The Artist had lived in a large stone house about a mile down the road from us. He had a wild garden with a stream running through it, and a scrabble of mangy chickens. His house was a mess. Mick had roped Leo in to help him sort out his uncle’s paintings; to see if he thought any of them were worth anything.
‘Piles of unoriginal oils,’ Leo said that night in the pub.
Mick sighed.
‘Did you ever visit your uncle when you were a child?’ I asked Mick.
‘No. This is the first time I’ve ever set foot in the house. My uncle disapproved of my dad. He could never get over the fact that he was German. I never saw him, even though my mam sent him a monthly allowance. She did try to keep in contact. We drove down once, but he would not even open the front door. He just didn’t want to know.’
‘You can’t really blame him after what he went through,’ said Leo. ‘I still can’t get my dad to talk about his childhood – I know nothing about his family, who he lost and who survived. As for my mother – she does talk about the past – it’s awful and she has a thing about Germans too. I don’t think she can help it.’
‘Yeah, but my father has never even been to Germany. His parents were German, and his name is German, but he’s always lived in Ireland. He had nothing to do with the war. My mam was really hurt when Jakob rejected them.’
‘He was older than her, wasn’t he? Maybe he saw more than she did – people deal with trauma like that in different ways,’ Leo said, taking a slug of his Guinness. ‘If you met my dad you’d think he was grand,’ he continued, ‘always cracking a joke and full of beans. But that’s on the surface. I used to think about the war a lot when I was a little boy. There were all those war movies on then, you know like The Great Escape and the Bridge on the River Kwai – I was obsessed with them. But my dad hated me watching them. I always had to do it in secret, when he’d gone out. Once I wasn’t th
inking and I asked him, just blurted it out, had he ever seen a dead body? I’ll never forget the look he gave me – like I’d punched him in the stomach. Poor guy.’
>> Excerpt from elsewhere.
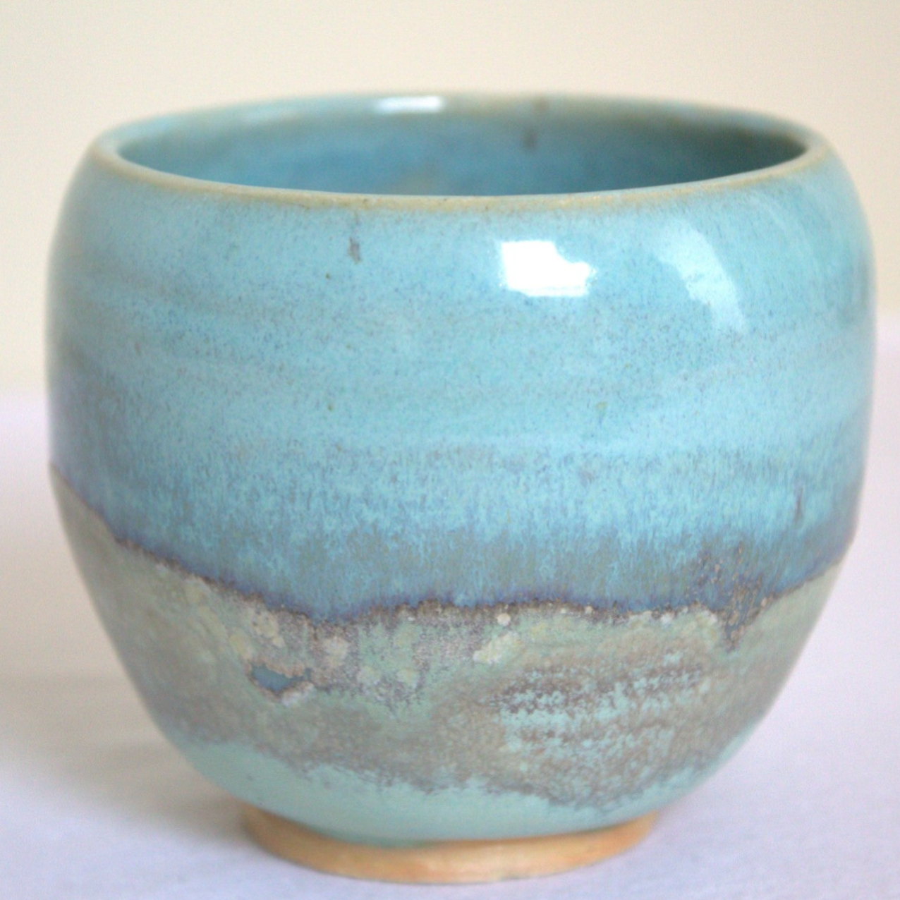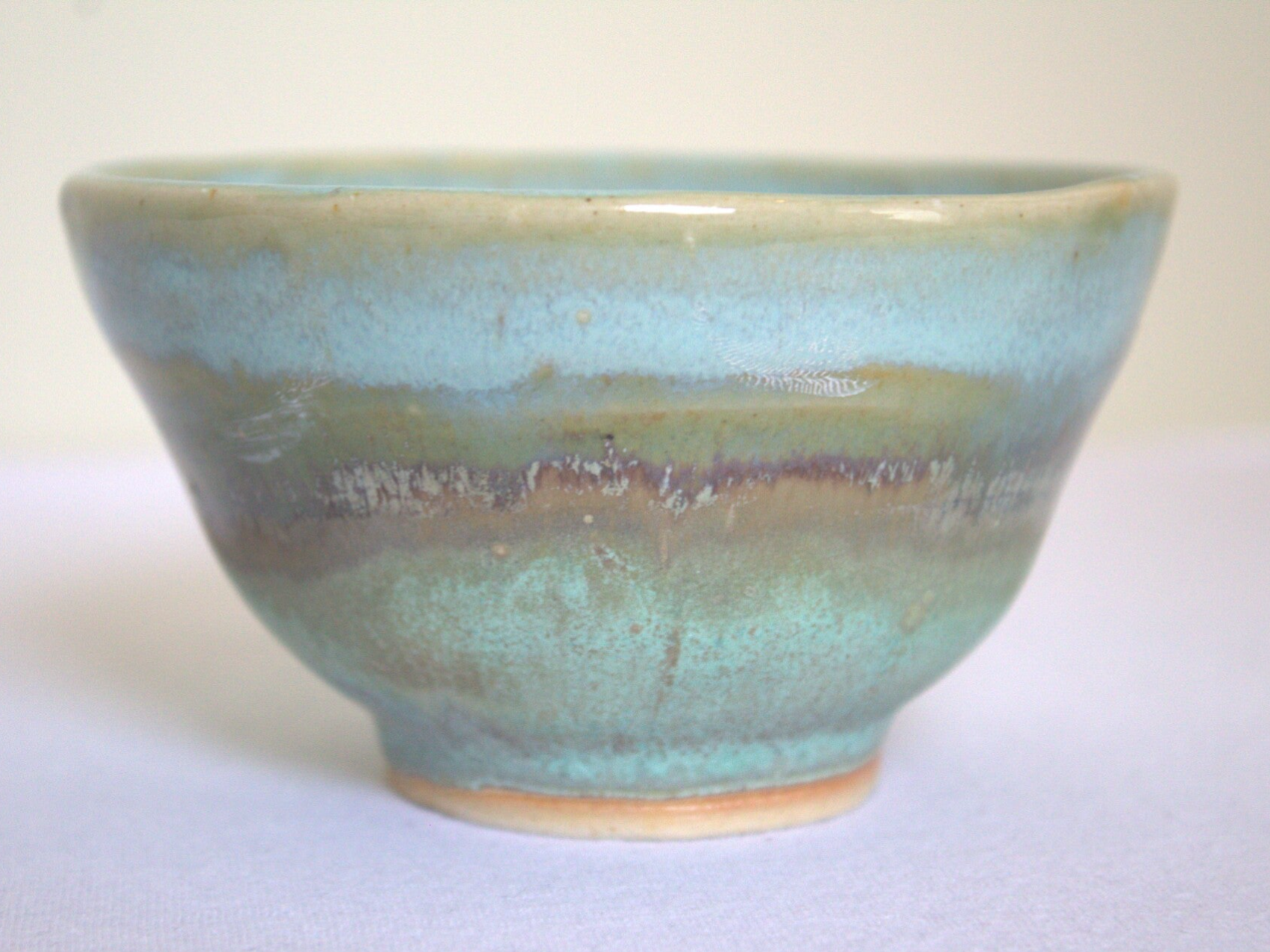 Deze gedraaide kommetjes van witbakkende klei zijn bewerkt met verschillende, gedeeltelijk overlappende, glazuren.

‘Yeah, I know what you mean,’ said Mick. ‘When my mother came to Ireland with my Uncle Jakob she was only twelve and he was sixteen. They had gone the whole way from Germany to Ireland on their own. I still don’t know how they got here. She never told me, and I suppose I’m afraid to ask. I don’t want to carry that burden too.’
Leo and Mick nursed their pints. My husband looked stern, he was almost scowling. Everything about him was light – his pale blond hair, cut short, like a shaved halo, and his skin, several tones lighter than mine, even his lips seemed bled of colour. His navy jumper made him look even fairer. He was not from this land. His family, his heritage of pain was as real as mine, but buried deeper, further away. And he had learnt to leave it behind. It hung around him, but he would not engage with it.
‘Would you never ask your father, Leo, what happened in Poland? How he got away?’ I asked him.
‘I can’t – I should have, I know – but it’s too late now. He seems happy, I don’t want to ruin that.’
The Artist had become a real person, with a history and a family. To me he had always been a mystery, someone tragic and strange. The Gardaí interviewed him when Beatrice vanished, and I don’t think he ever got over the fright of three large uniformed men entering his home with their air of authority and their interrogation. He was a foreigner, always the prime suspect.
The following day, Leo and Mick went down to finish up at the Artist’s house, while I stayed home with my mother. At around midday he phoned.
‘You had better come down here,’ he said.
‘Why?’
‘I’ll tell you when you get here.’
Mystified, I pedalled down the hill on an old bike. Mick and Leo were in the attic.